Influence of crosslink ratio on the thermomechanical properties of polymer nanocomposites and interphase: a molecular dynamics simulation

Abstract

The effect of different crosslink ratios on the thermal and mechanical properties of thermoset epoxy-based nanocomposites are investigated by molecular dynamics (MD) simulations and a sequential scale bridging method. For establishing molecular models crosslinked epoxy structures composed of epoxy resin EPON 862 and curing agent TETA with a wide range of crosslink ratios are considered.
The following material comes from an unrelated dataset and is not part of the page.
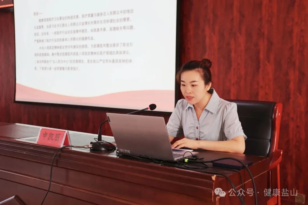 随后,由盐山县人民医院纪检室主任申凯莉对参会人员围绕医务人员行为规范、医患沟通技巧、医疗纠纷防范等内容进行培训,通过理论讲解与实践指导相结合的方式,提升了医务人员的职业素养和服务能力。
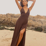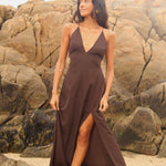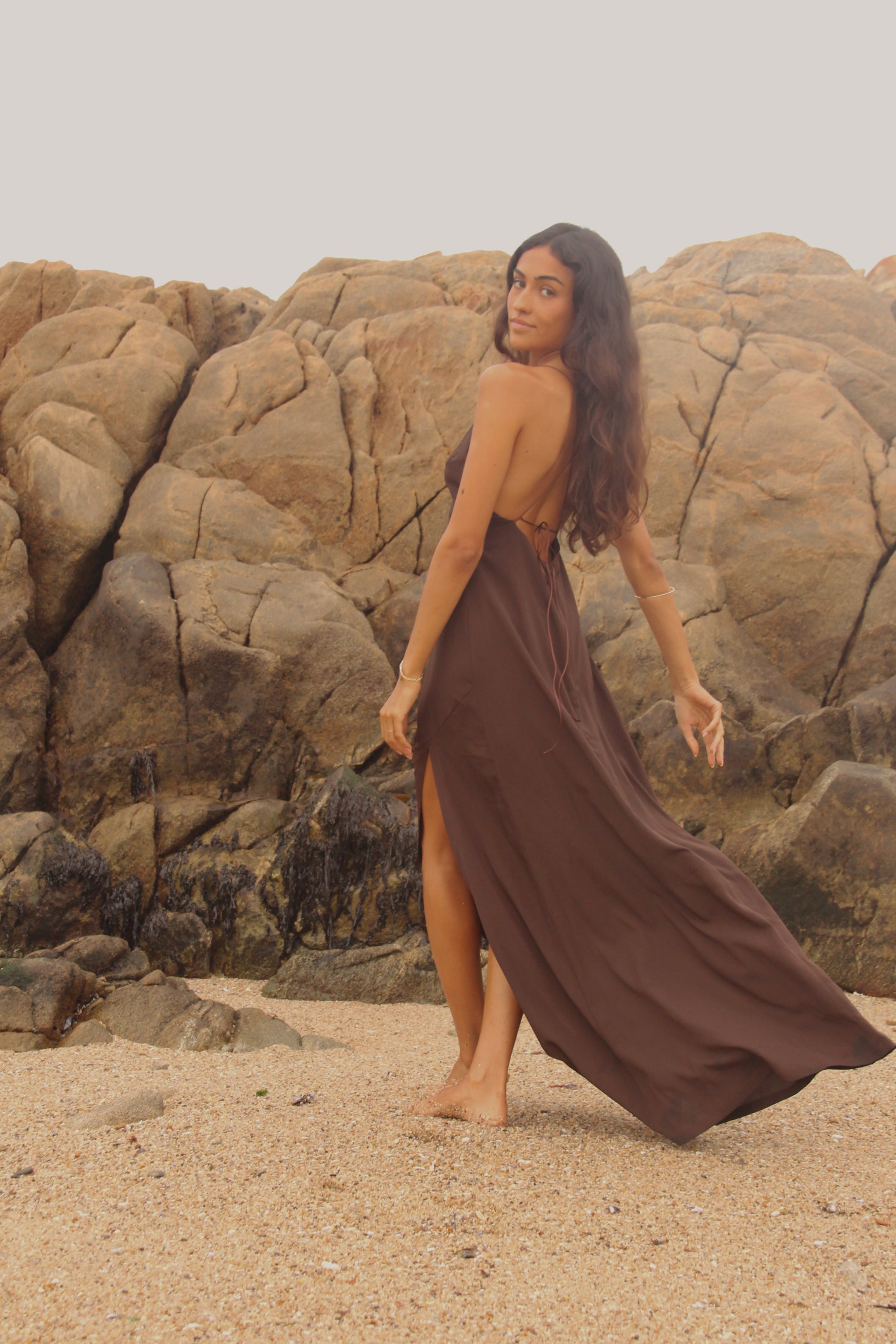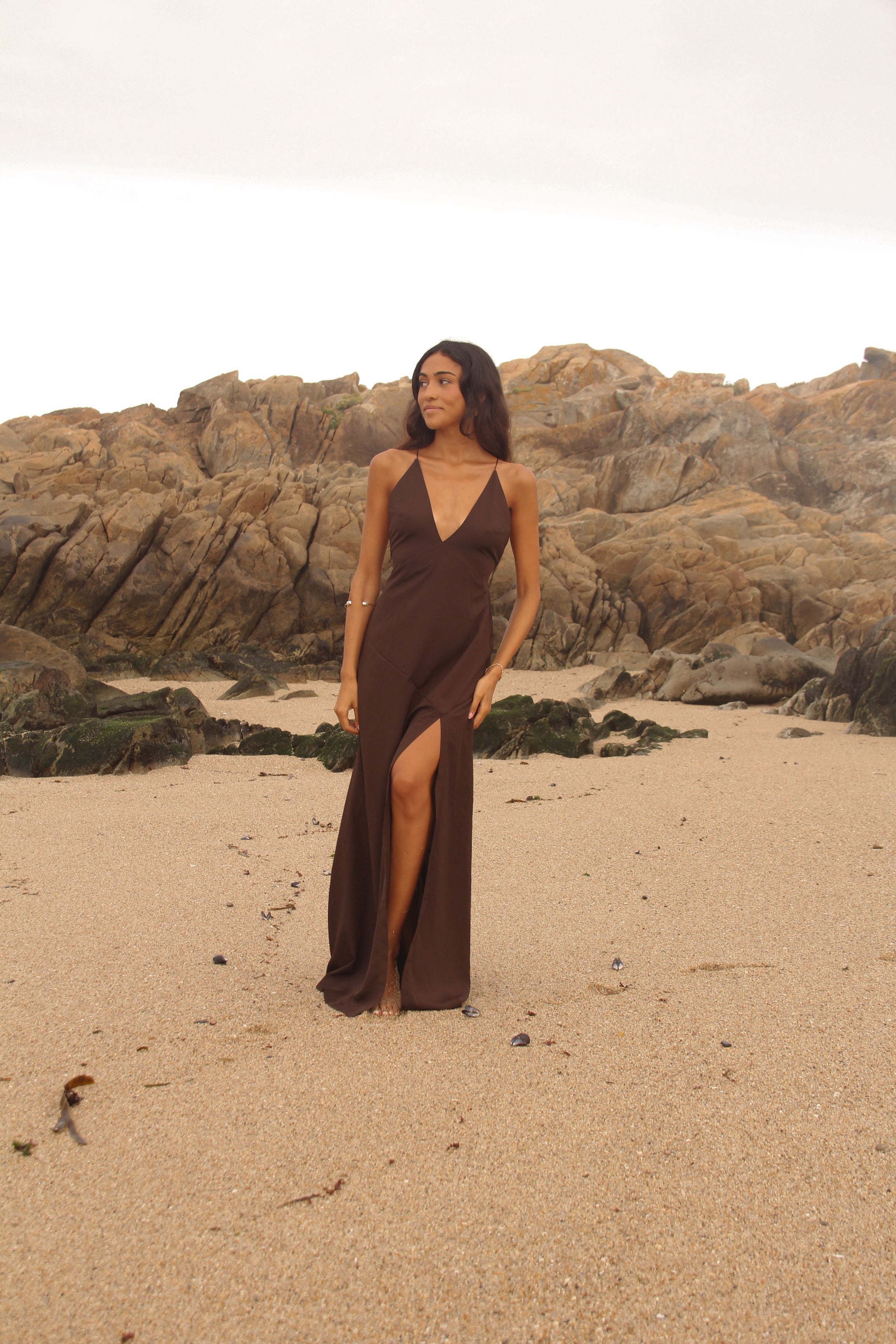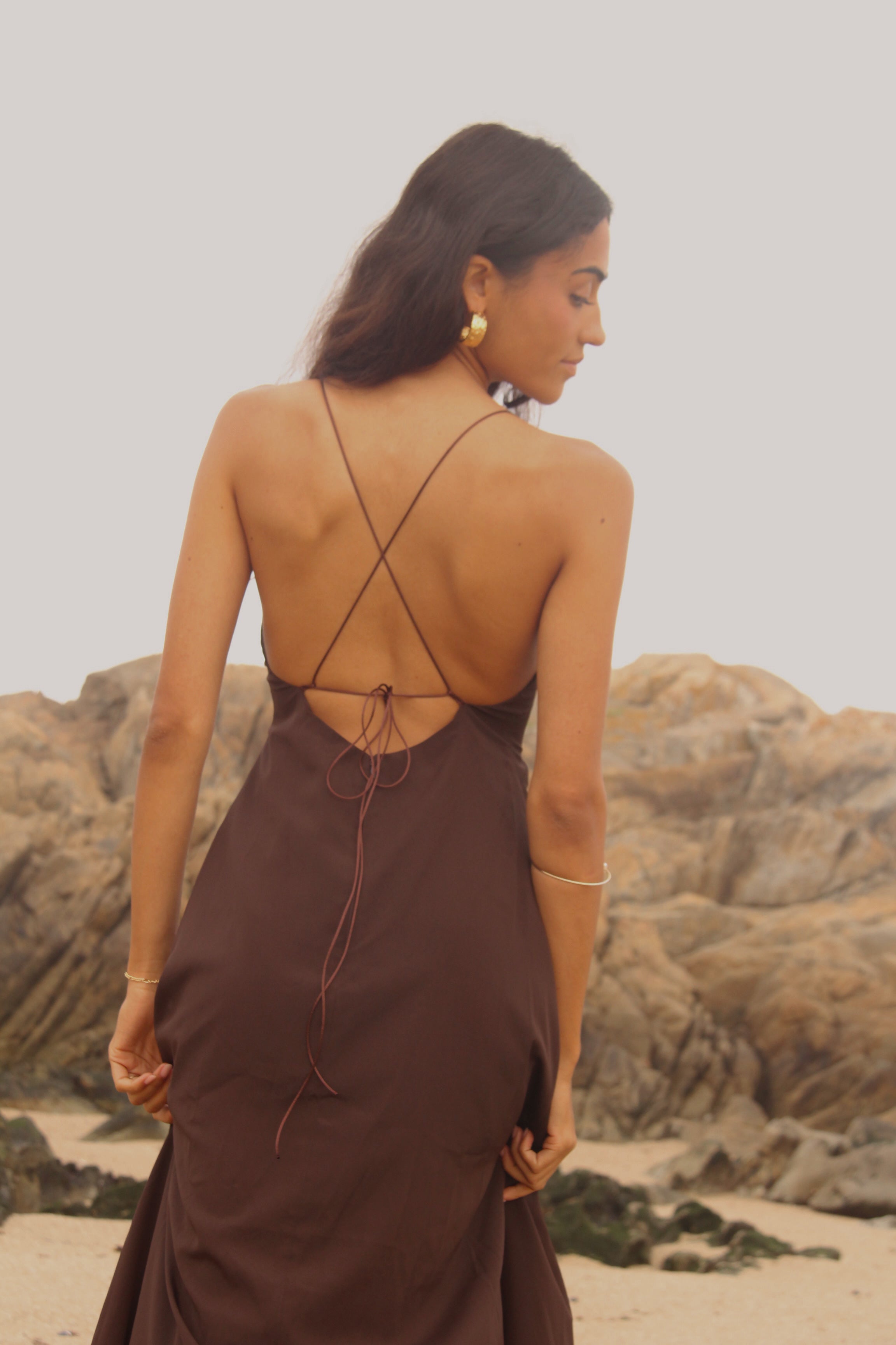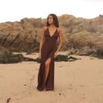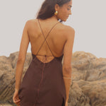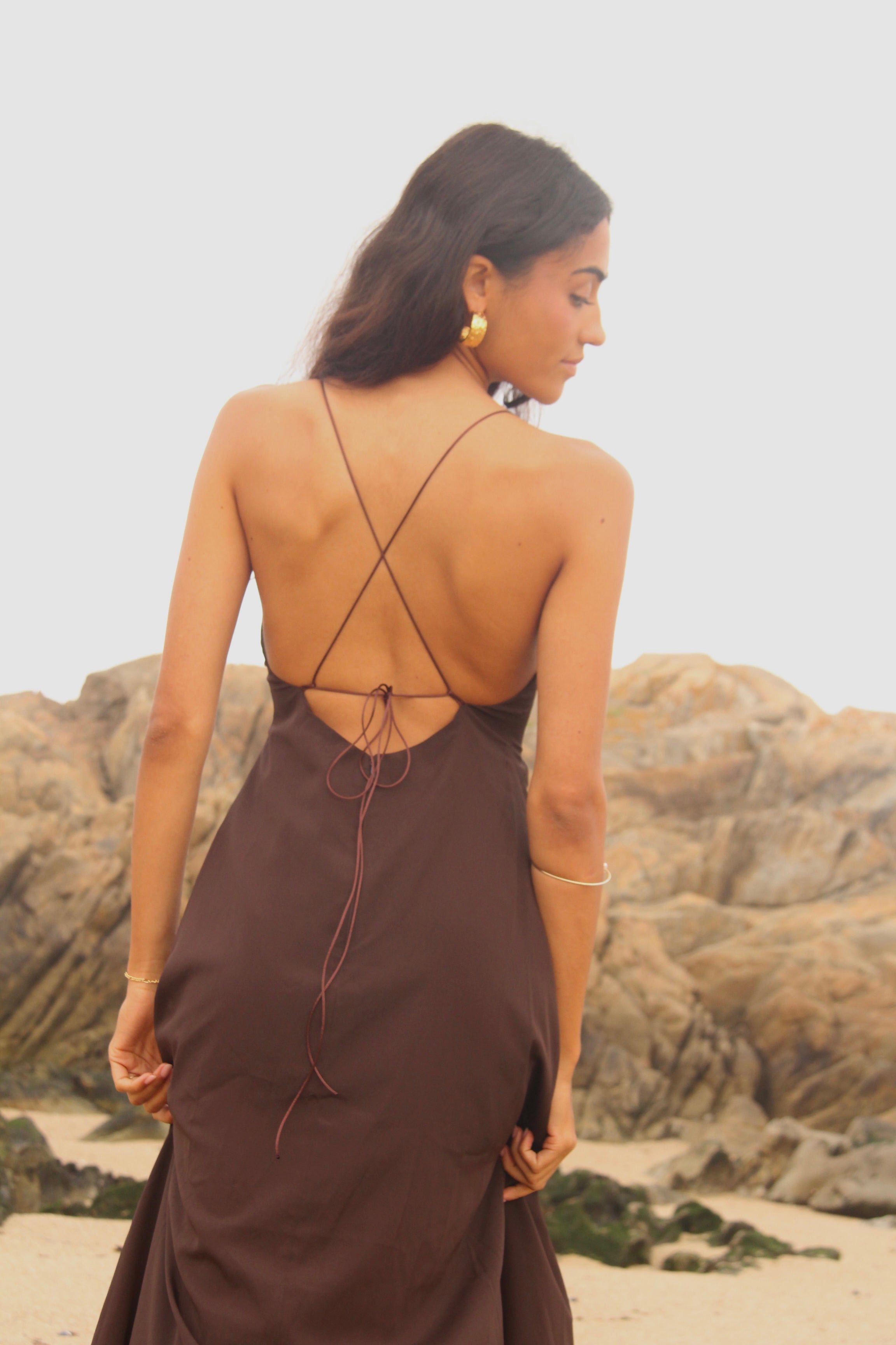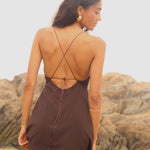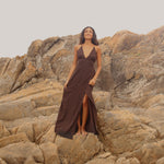 Vestido confeccionado en crep corte en v asimétrico. Tiras delgadas regulables para el tamaño y forma. Espalda descubierta con múltiples amarras.

Silica (SiO2) nanoparticles having different radii are introduced as a filler material in order to analyze the characteristics of interphase regions regarding the particle size effect. The elastic modulus and thermal expansion coefficient of various unit cells with different crosslink ratios and particle sizes are investigated using MD simulations. The results illustrate that the degree of bulk property changes of nanocomposites with respect to crosslink ratios is lower than the cases of pure epoxy structures. For the quantification of the properties of interphase regions, the interaction energy densities are investigated and a sequential scale bridging method is applied. The interaction between the particle and matrix is weakened as the crosslink ratio increases. Moreover, the elastic modulus of interphase is reduced and the size effects on thermal expansion of interphase are hindered with the presence of more crosslinked networks. The results indicate that the interphase behaviors are significantly diminished as crosslink ratio increases.